Each of these examples are demonstrations of how to design around the needs of humanity rather than around the needs and orthodoxies of an industrial world. They prove that people are not motivated purely by commercial need, that people can be producers, co-creators, consumers, investors and evangelists, and that we can design better for societies, organizations, and commerce — all at the same time.

They also point to a sustainable future in which what we have worked out is that a better world is shaped by what we share; wealth, knowledge, resources, and culture.
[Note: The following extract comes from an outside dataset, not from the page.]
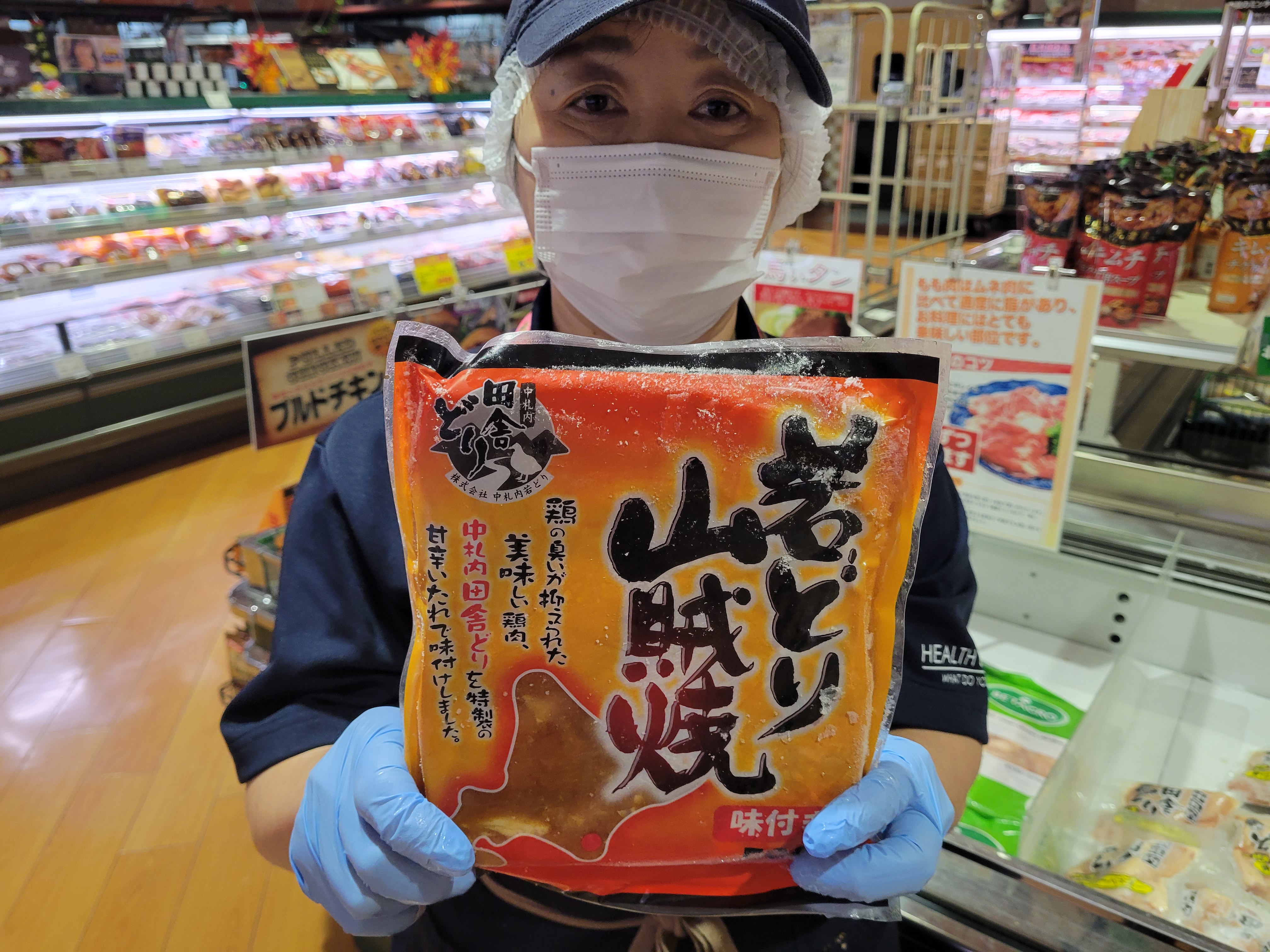 本日ミート担当、宮崎さんのおすすめは中札内田舎どり山賊焼がイチオシ🎵鶏の臭いが抑えられた美味しい鶏肉中札内田舎どりを特製の甘辛いたれで味付けしてます、1袋595円で販売中ご利用下さいね😄

And, that we now have the possibility to truly transform our world, to be more resilient, to be more relevant to us both personally and collectively, socially cohesive, sustainable, economically vibrant and humane, through the tools, capabilities, language and processes at our fingertips.

Avoiding your last Kodak moment

So if organizations do not want to experience their own unique last Kodak moment they need to do 6 things:

  1. Accept the uncertainties of an ambiguous world and become master of them. Requiring deep listening and some humility.
  2. Explore how to become adaptive and agile. This ability to upgrade constantly in hardware, software, organizational structures, business models is required at least for the time being. To be adaptive we must be constantly creating, collaborating, critiquing, communicating, by identifying key drivers we can better evaluate, and it enables the development of a new literacy.
  3. Learn how living and working in an open culture / economy can be hugely beneficial
  4. Embrace participatory cultures as a sustainable form of economics, innovation, organization and leadership
  5. Become comfortable with the idea of craftsmanship as a personal and internal culture: the Craftsman is always in beta, consistently using “PLAY” as a process for discovery, the development of new insight, technique and creativity
  6. Learn how to design for transformation by having the vision, the courage and the conviction to seek and implement lasting change.

The benefits of adopting these principles is a more resilient forward thinking organizational culture that is now capable of strong creative and conceptual thinking with the ability to realistically and meaningfully operate in today’s non-linear world.”

Thank you Alan for this generous sharing, in the spirit of the G.R.A.V.I.T.A.S. values of the Open Source Economy.